"The good if brief, twice as good", goes the saying. And that also seems to be true for Jesse Armstrong, the British screenwriter who has created one of the best series in the history of television, Succession, whose fourth season arrives tomorrow on HBO in the United States and on Monday in Spain to fill the void left by The last of us as the television appointment that one cannot miss every week.
After winning three Golden Globes last year (drama series, drama series actor for Jeremy Strong and supporting television actress for Sarah Snook), four Emmys (drama series, supporting actor for Matthew McFayden, drama script for Armstrong and cast of drama series), a Bafta for supporting actor for Macfayden and the Actors Guild Award for Best Cast, all seemed to indicate that the global applause guaranteed many more seasons from the Roy family.
However, Armstrong announced a few weeks before the premiere that the story ends with the fourth. In an interview with The New Yorker, who has also received an Oscar nomination for the screenplay for In the Loop, he said: "I didn't want the audience to get fed up with us, or think we were going to do a dumb season, or stretch the history more than necessary. I didn't want them to come to the question, as has happened to me watching other people's series, even some that I admire and love."
And judging by the criticisms in the mainstream US media, that will not happen. Even Daniel Fienberg of The Hollywood Reporter has indicated that the last of these ten episodes will air on May 28, when the deadline for applying for the new edition of the Emmys ends, a detail that reveals the confidence he has in the HBO series. .
The new season finds the Roys fiercely divided. On one side is veteran tycoon Logan (Brian Cox), who is going ahead with his plans to sell Waystar Roy Co. and on the other three of his sons, Kendall (Strong), Shiv (Snook) and Roman (Kieran Culkin), the who have formed their own company and have plans to revolutionize the world of media with a new news conglomerate.
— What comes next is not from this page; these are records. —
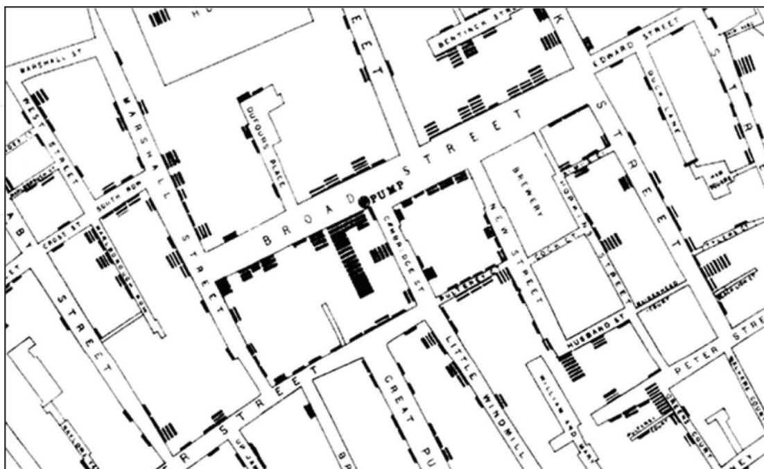
Figure 1. Original map by Dr. John Snow illustrating clustering of cholera cases in the London epidemic of 1854. Cholera cases are highlighted as black lines [7].

Mesothelioma is a rare but aggressive cancer that arises in the mesothelium, the lining of the pleura, peritoneum, and pericardium. Studying the prevalence of mesotheliomas in asbestos miners of South Africa established asbestos exposure as a critical factor responsible for this deadly malignancy. In a study by Wagner and colleagues, it was noted that while mesothelioma is a very rare disease in the Northwest Cape province of South Africa, 33 cases were described in the area, each having occupational exposure to crocidolite asbestos mining [8]. This finding was shortly followed by several population studies in Quebec Canada, United Kingdom, The Netherlands, Germany, Scotland and Northern Ireland, demonstrating that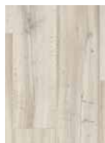
700 Summit Oak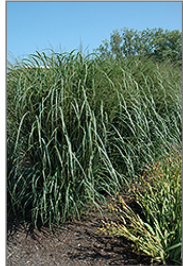
Thundercloud Switch Grass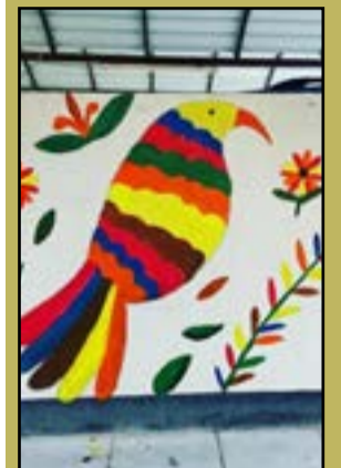
WALLS THAT SPEAK New art project SEE PAGE 2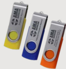
ONE YEAR FREE AWARD SUBSCRIPTION SERVICE WHEN PURCHASING ALL THREE WORKPLACE RELATIONS MANUALS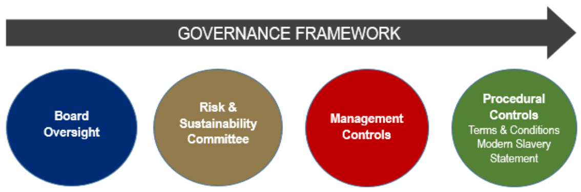
Figure 1: Modern Slavery Governance Framework

Saracen's stakeholders are illustrated in the diagram below. Saracen regularly communicates with internal and external stakeholders on Saracen's commitment and obligation to minimise the risk of modern slavery and human trafficking in its operations including through contractual arrangements and procurement processes. Saracen believes that full transparency and clear communication with our stakeholders, depicted in the figure below, can drive affirmative change towards the eradication of modern slavery.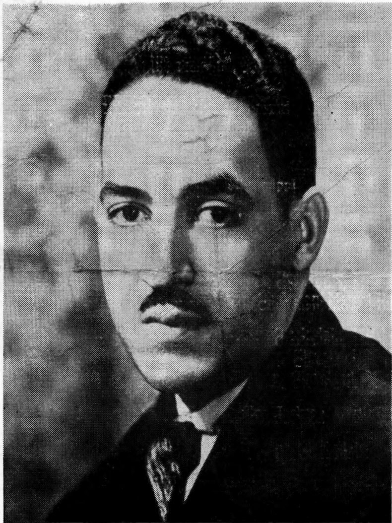
HON. THURGOOD MARSHALL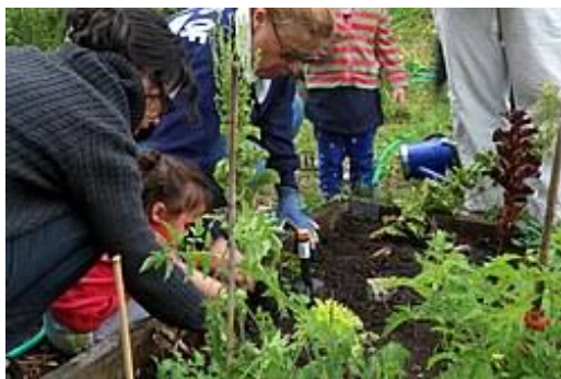
Figure 4. Sustainable agriculture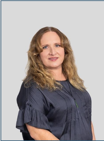
Louise Brown Chair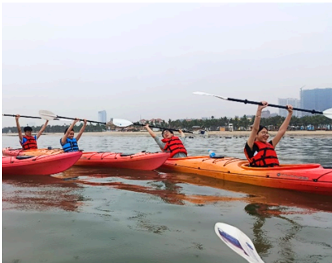
Delta Global School students conquering the kayaking challenge at OBV Ha Long

Over the first half of 2026, OBV welcomed participants from the Singapore International School (SIS) Network, Delta Global School, Brighton College Vietnam, Hoi An International School (HAIS) and more to a range of outdoor education programmes, including the Duke of Edinburgh's International Award Expedition.

But as often happens in this story that not only entertains but informs about the lives of the ultra-rich and how the circles of power work in real life, nothing is ever very simple. Shiv is on the verge of divorcing Tom Wambsgans (Macfayden), who has finally broken into Roy's inner circle, something his nephew Greg Hirsch (Nicholas Braun) also believes has achieved, although everyone knows that for Logan, opportunities to do a good business are always more important than family ties or personal loyalties.
Oblivious to the confrontations, the eldest son of the tycoon, Connor, continues with his campaign to aspire to the presidency of the United States, something for which he is willing to spend many of his millions or make a circus of his impending wedding with Willa ( Justin Lupe).
And there is no shortage of Logan's acolytes in these new episodes who will follow him at any cost, Gerri (J. Smith-Cameron), Frank (Peter Friedman) and Karl (David Rasche). The one who has achieved a promotion is Zoë Winters, perfectly embodying Kerry, the boss's assistant that she has become her adviser thanks to a close personal relationship that she tries to keep secret, even if it is an open secret for her. others.